American musician (1919–2007)

Charles Parlato (February 16, 1919 – September 8, 2007) was an American musician who performed with the Lawrence Welk orchestra. His instrument was the trumpet.

== Bio ==
Born and raised in Fredonia, New York, Charlie studied music at Ithaca Conservatory before moving to Los Angeles in 1942 to pursue a career in showbiz. He performed with the David Rose and Kay Kyser bands as well with artists such as Tennessee Ernie Ford (TV show, "Sixteen Tons"), Red Skelton, Sam Cooke ("You Send Me"), Dinah Shore, Bing Crosby, Ernie Kovacs and Andy Williams. He also appeared in a non-speaking role in the 1952 movie Meet Danny Wilson.

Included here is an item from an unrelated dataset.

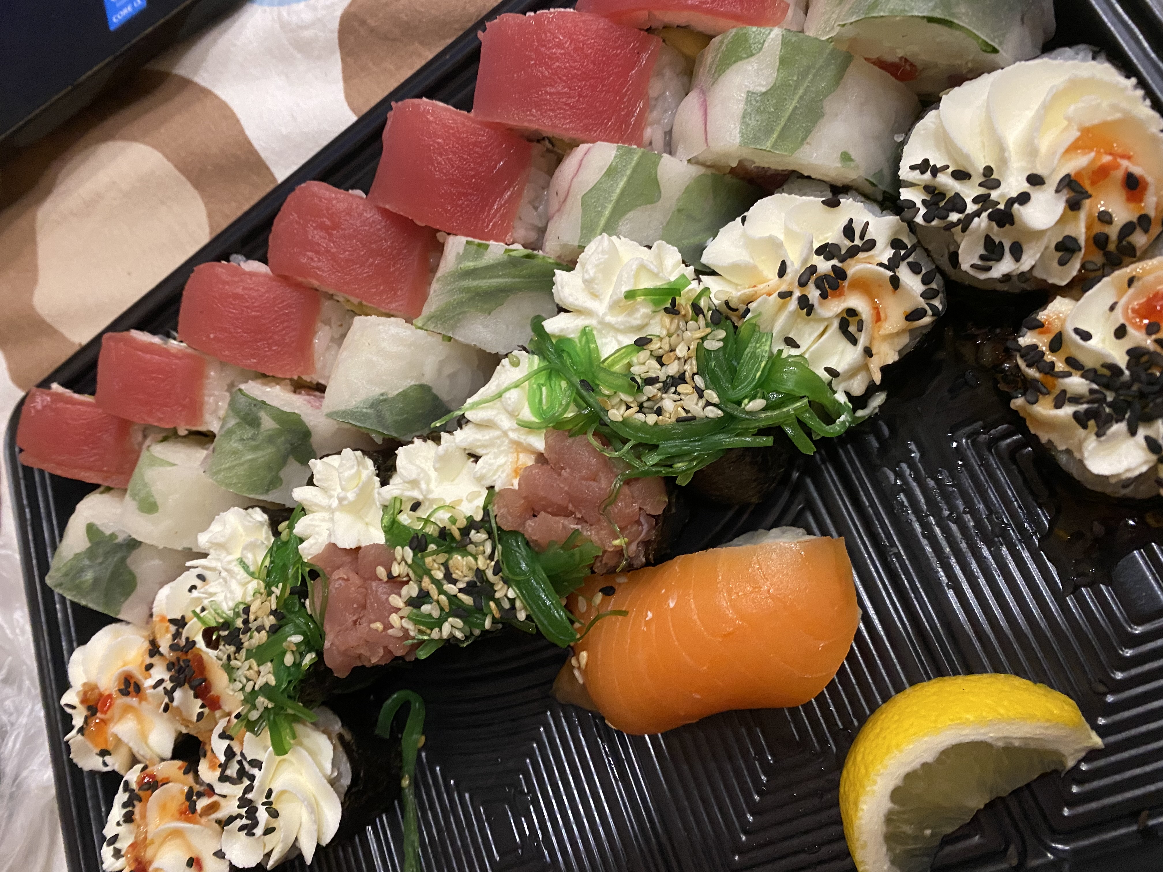 Несмотря на то, что доставку мы дождались после 12 ночи ✌️, хотели уже отменять, но колл центр уже был вне зоне доступа, ложись спать, и тут звонок - курьер. Позвонил - сказал я опоздаю на минут 20, это да, опоздание уже не на минуты, а на Часы пошли))))) не стали быть душнилами, забрали свой заказ) обычно, если делаешь заказ после 9-10 вечера, доставляют в течении 40 минут, а тут 2 часа. Странно)) А еще парень пошёл на улицу забрать заказ, не успел отвернуться, как курьер по газам дал, бедный, конечно смена то как час назад уже закончилась))) потешным парень))) вообщем не вечер, а кино) но все же суши приехали большими, вкусными, вообщем все как надо) Даже дольку лимона положили, впервые за несколько лет увидела этот сюрприз)) вообщем закрыли глаза, всякое бывает, но лучше предупреждайте гораздо заранее, ведь не каждый будет ждать до полуночи) Фото прилагаю, как ещё раз сказала душнилами не будем, мы так и продолжим заказывать у вас, не смотря на казусы🗿🗿🗿

During his time with Kay Kyser, Parlato was a member of The Campus Kids vocal group. Another member of the group – Judd Conlon – formed a new group called The Rhythmaires in 1947 and Parlato joined this. The Rhythmaires worked with Bing Crosby for almost ten years.

Parlato joined the Welk orchestra in 1962 as a trumpet player, he also was a regular on Welk's television show playing not just in the band, but also as a vocalist in choral numbers and was able to feature his comedic talents in the show's novelty numbers as well.

He died from natural causes in 2007 at the age of 88, and is survived by his wife Margaret and their five children and several grandchildren.

Charlie's granddaughter, Gretchen Parlato is an accomplished jazz vocalist and composer, three time Grammy nominee and 2004 winner of the Thelonious Monk International Jazz Vocals Competition.